Women are poor investment managers??
There is no need for fathers, mothers, and children to confront this question head-on. It is divisive. Yet regardless where gender generalizations bend or incline in the family, people believe that men and women have differences in their attitudes toward money; that they see investment propositions in different lights, and that they may have many things to learn from one another.
An independent study by investment think-tank NAB Asset Management raised hints that women are poor investment managers, and that either avoidance or hesitation has been their usual response when asked to choose between depositing savings in the bank and buying stocks in a company, with the goal of making a profit, after a certain period.
“Australian women are missing out on tens of thousands of dollars in savings during their lifetime because of their tendency to shy away from taking appropriate levels of risk in their portfolio,” NAB portfolio specialist Kajanga Kulatunga remarked in, referring to women’s orientation toward money.
“We believe this is the first major study in Australia to demonstrate that women’s lower super balances are not only impacted by career breaks and lower pay, but also investment preferences,” he said.
Kulatunga’s opinion not only raised hackles in Australia but also renewed the nature-versus-nurture debate when he remarked about the differences in the thinking processes of the sexes, saying “Our research shows there are three regions of the brain that are anatomically different in men and women, which may have a major impact in financial decision-making.’’
While such prejudiced loyalty to one gender indeed struck a discordant note among women, there is a fair amount of research showing the calming effect of conservatism: men stand confident about investing; women are goal-oriented and have the tendency to trade less.
A study (“The gender face-off: Do female traders come out on top in terms of trading performance?”) by two PhD students, Wei Liu and Joakim Westerholm, from the University of Sydney, has raised the confidence bar in women’s favor. Co-authored by University of New South Wales Business School professor Peter Swan, it has become the most recent down-from-surface hypothesis supporting the view that women are good at profitmaking.

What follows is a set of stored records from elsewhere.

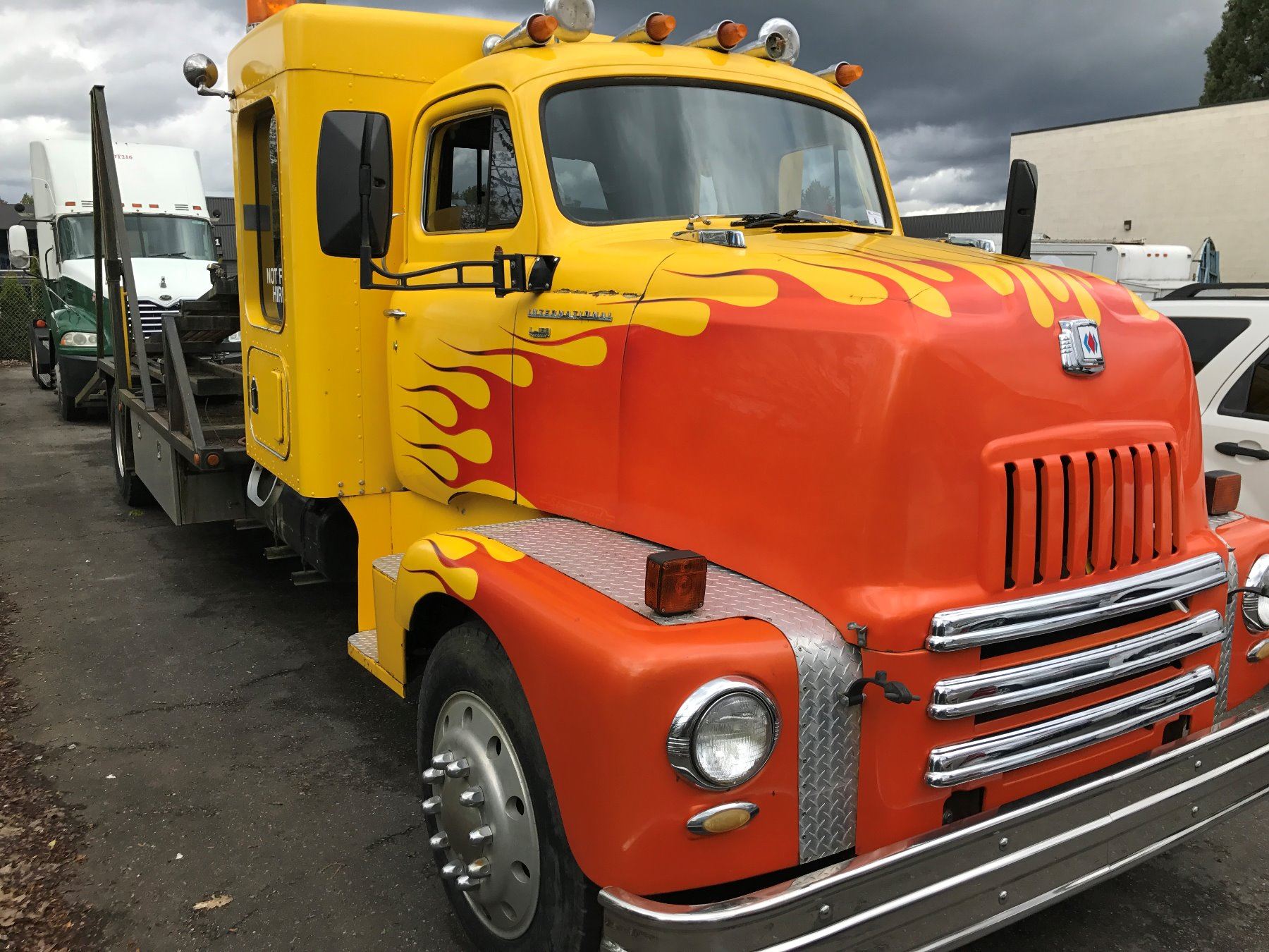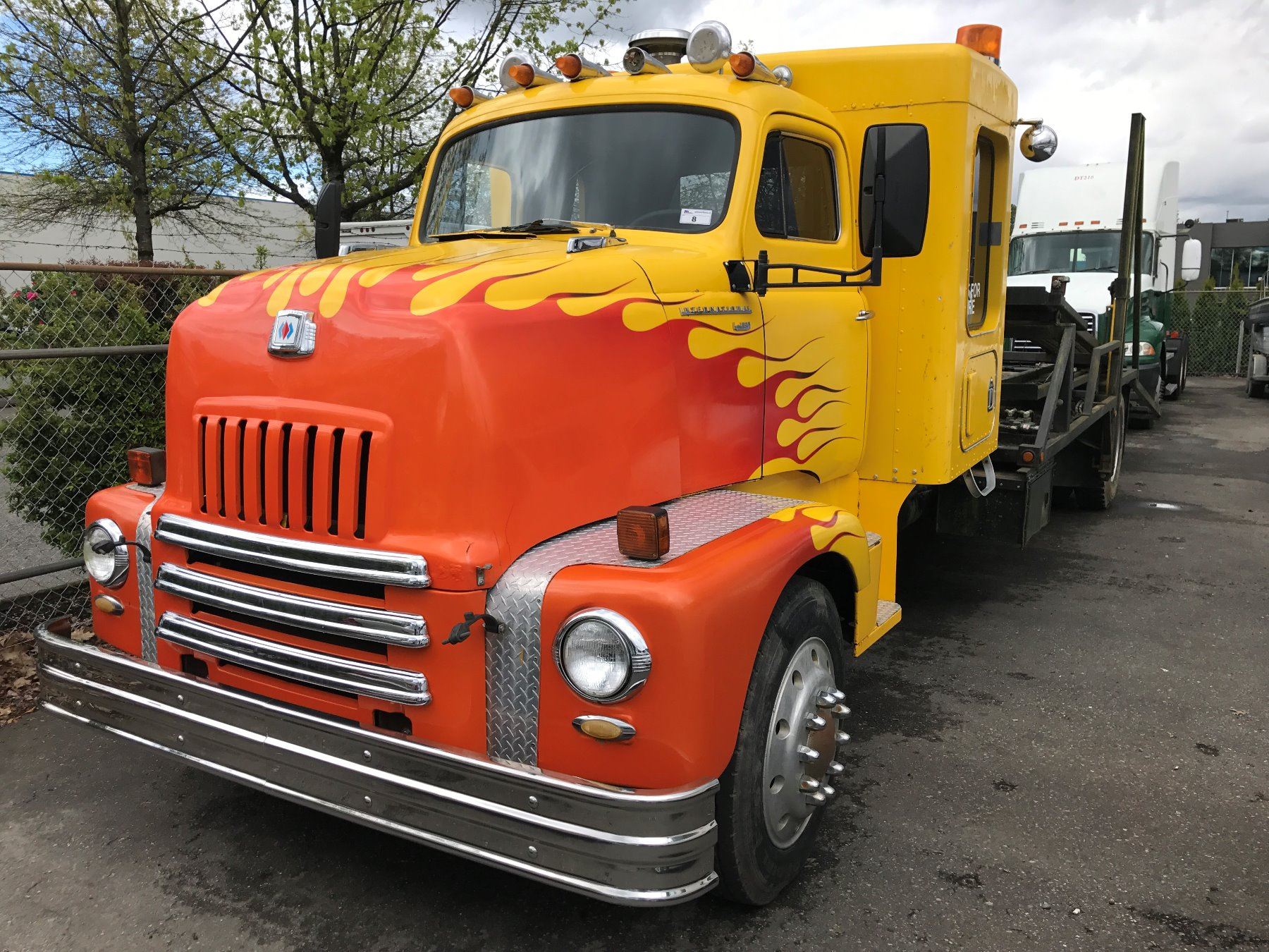 1952 INTERNATIONAL L-160 2 DOOR CREW CAB, YELLOW, VIN # TMU, DIESEL, AUTOMATIC 2 CAR HAULER, DT466 CHASSY, 22R5 WHEELS, AIR BRAKE, OUT OF PROVINCE, BUYER TO CERTIFY, *MUST TOW, NOT ROADWORTHY*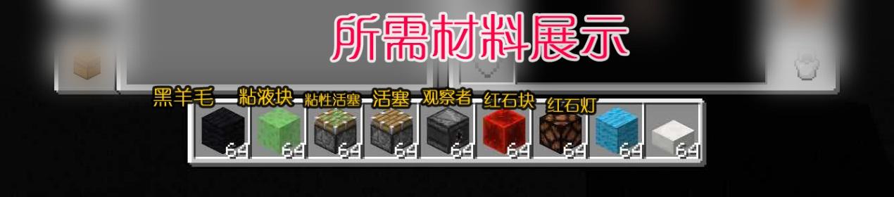 首先,制作小车我们需要用到的材料如下:羊毛*4个(用来做轮胎,这次用黑色)、粘液块*若干、粘性活塞*1个、活塞*1个、观察者*1个、红石块1个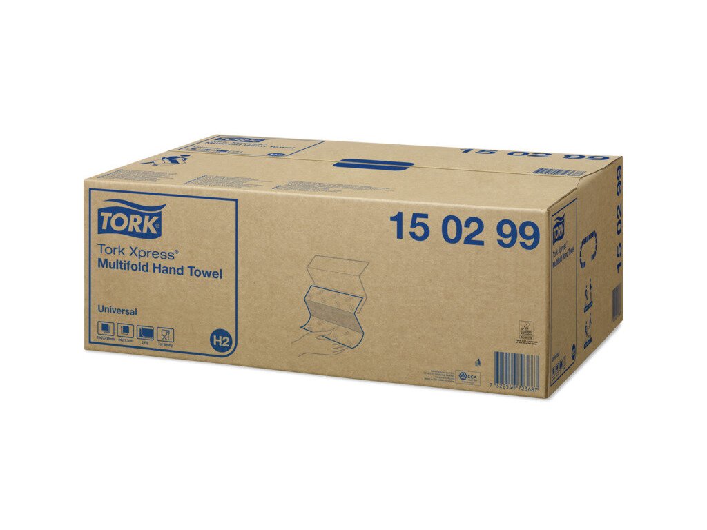 Tork Xpress® H2 systém, skládané papírové ručníky, 2 vrstvý recykl, pevné ručníky základní kvality, 4740 ks v kartonuVlastnosti produktu:
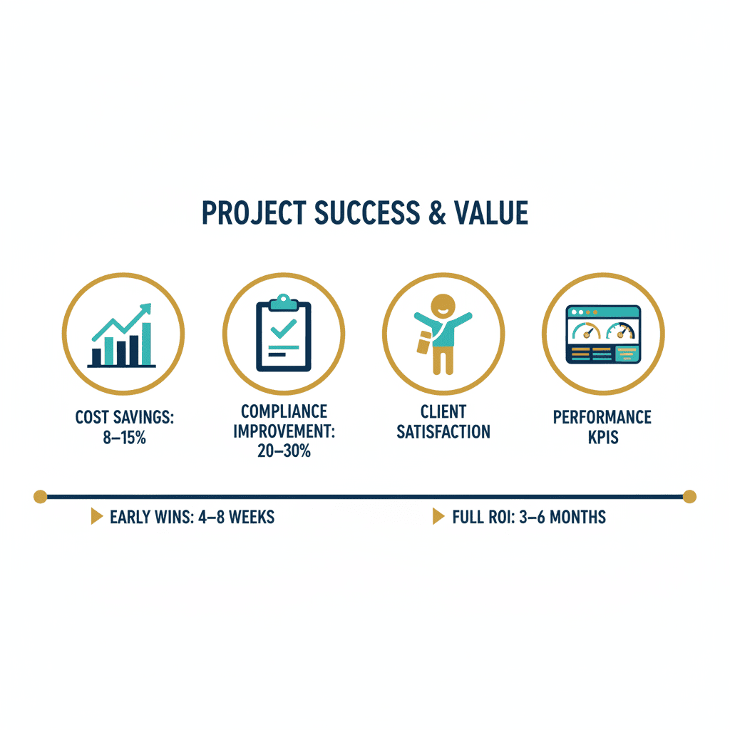 A. Most clients see early wins within 4–8 weeks—such as process improvements or quick cost savings. Full program ROI is typically realized within 3–6 months, and we provide regular progress updates so you’re never in the dark.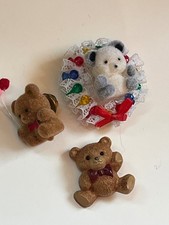 Vintage Lot of Brown or White Flocked 1984 Hallmark Marked Plastic Teddy Bear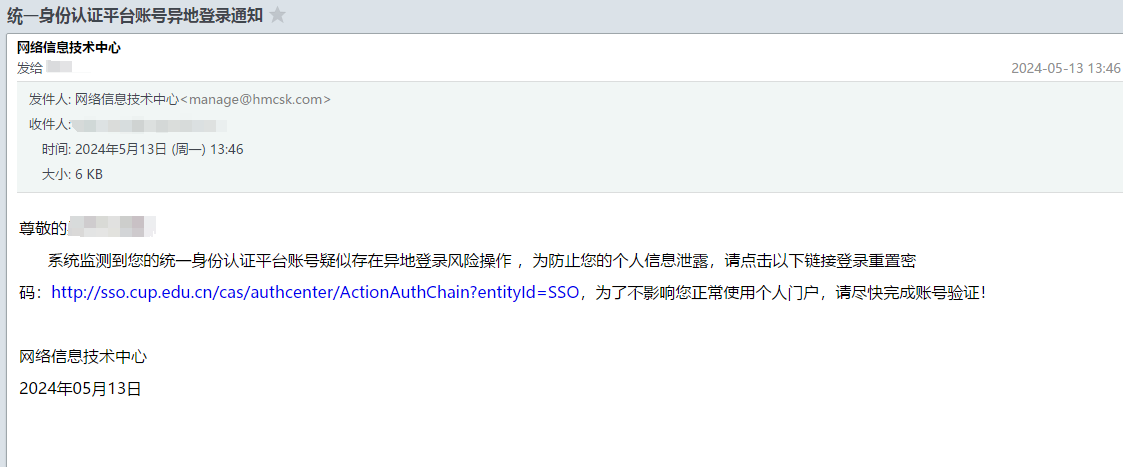 圍繞統一身份認證(https://sso.cup.edu.cn/login)系統,制定“統一身份認證平臺賬號異地登錄通知”郵件文案,發送到全校師生目標郵箱: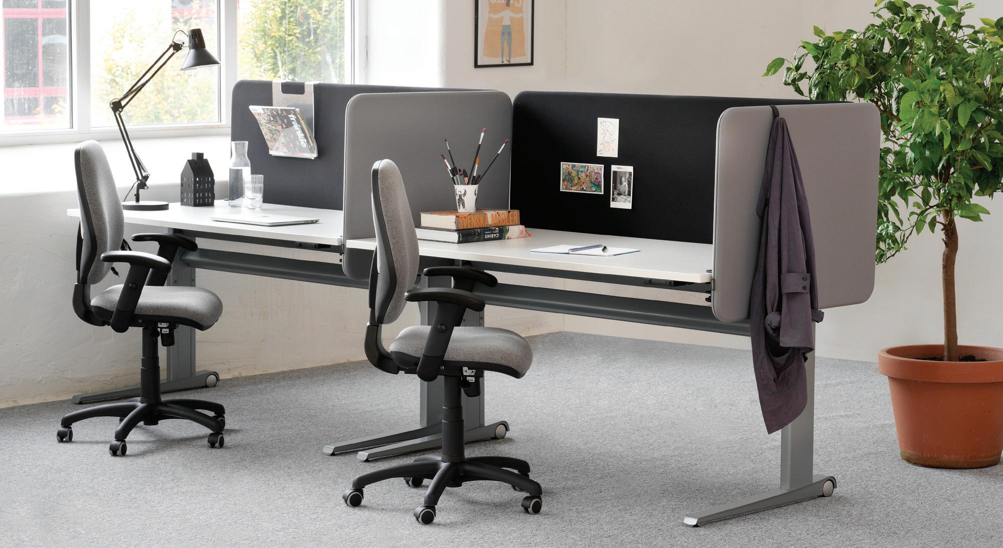 Gulvskærm standard serien består af et begrænset og optimeret udvalg af de mest solgte af gulvskærmene. For at gøre det nemmere for dig som kunde, medfølger altid det antal ben som du behøver for at kunne anvende gulvskærmen såvel fritstående som koblet sammen med andre i forlængelse af hinanden. Det tyndere look efterlader et pænere og lettere indtryk, uden man dog af den grund mister den afskærmende effekt. Skærmen absorberer ligeledes lyden fint og hjælper med til at skabe et perfekt lydlandskab. Skærmen findes i to modeller, med afrundede eller med lige sider og hjørner, så den passer optimalt til netop din indretningsstil på kontoret. Skærmen består af en lydabsorberende fyldning, som er monteret inden i en massiv træramme. Benene er sorte og øger skærmhøjden med 50 mm. Koblingsbeslag gør det muligt at sammenkoble flere gulvskærme efter hinanden eller i en vinkel. Findes i to farver, sort og grå.

Observers believed that academicians are now playing the role of resurgent dragons – spitting fire to the ice-cold misconception that women are weak when it comes to investing. A different picture of their attitude on handling money was painted in Finland, where transparency of financial marketplace transactions has had remained untarnished in the last 17 years.
Trading data stands has gained world-class sophistication unique in Finland, where stringent stock exchange regulations require fool-proof identification for every trader, and where stockholdings and trade records are open to public scrutiny. By matching daily trade behavior among male and female investors in Nokia and other Finnish blue-chip stocks, researchers observed that female investors have had higher profit yield of $276.60 million (€194.17 million) in their portfolio, reflecting a consistently compounding ROI of 21.44% per year, with a 43.16% increase per year for the primary stock of Nokia alone.
Individually, women who have invested in stocks were outperforming other domestic and international institution-backed investors with €1,654.24 million in tangible profits.
“We concluded that female investors prefer to buy underpriced stocks and sell overpriced stocks – compared with moving average prices,” concludes Swan.
The UNSW research gives a resounding endorsement to a 2001 study called “Boys will be boys: Gender, overconfidence, and common stock investment,” from the University of California, which demonstrated that women investors exceeded the performance of their male counterparts by 1% a year, but attributed the letdown in effectiveness to excessive trading by males when trading costs were high and not because females have better choices of investment.
“Women are far more likely to buy when prices have fallen, indicating greater scepticism and contrarian behaviour than males,” Swan says, pointing that “men should make a special point of having their spouse review any choices the husbands make.”
The California study went as far as questioning the anatomical link between the sexes. Many researchers share the view that divergent investment preferences are less dictated by biology and more influenced by child-rearing and parenting actions at home.
Women were not tied to doing the investment themselves. Men were perceived to be earners; in most families they invested money. “So it’s a relatively recent trend; to borrow a line from the Eurythmics, “sisters are doing it for themselves,” said the report.
According to a report from Merrill Lynch, which conducted a survey after performing personality evaluations on 11,500 of its clients worldwide, women appeared to be on top of the investment pile than men. Up to 55% of the women respondents gave “agreed” or “strong agreed” as comment on the statement “I know less than the average investor about financial markets and investing in general.” About 27% said so for the same question, it said.
In universities and corporate offices, questions about diverse capacities between male and female capacities, such as “Do women lack confidence” or “Do men simply overestimate their own ability, leading to unnecessary risk-taking and poor investment decisions” permeate the air.
Many men tend to catch themselves up chasing after large profits, which might have led them to expecting faster returns, thereby raising their capacity for self-destruction.
While most critical remarks on male performance are mere generalizations, there are men and women who reject stereotypes. This refusal to abide by preconceived categories of behaviour reflect the reality that a person’s gender, educational attainment, career choices, family, and intelligence – and everything else about them as men and women – have no bearing as regard investing.
A successful investor creates a clear strategy for achieving goals, adopting discipline, obtaining the right education, and sharing expertise to colleagues and peers, regardless of gender.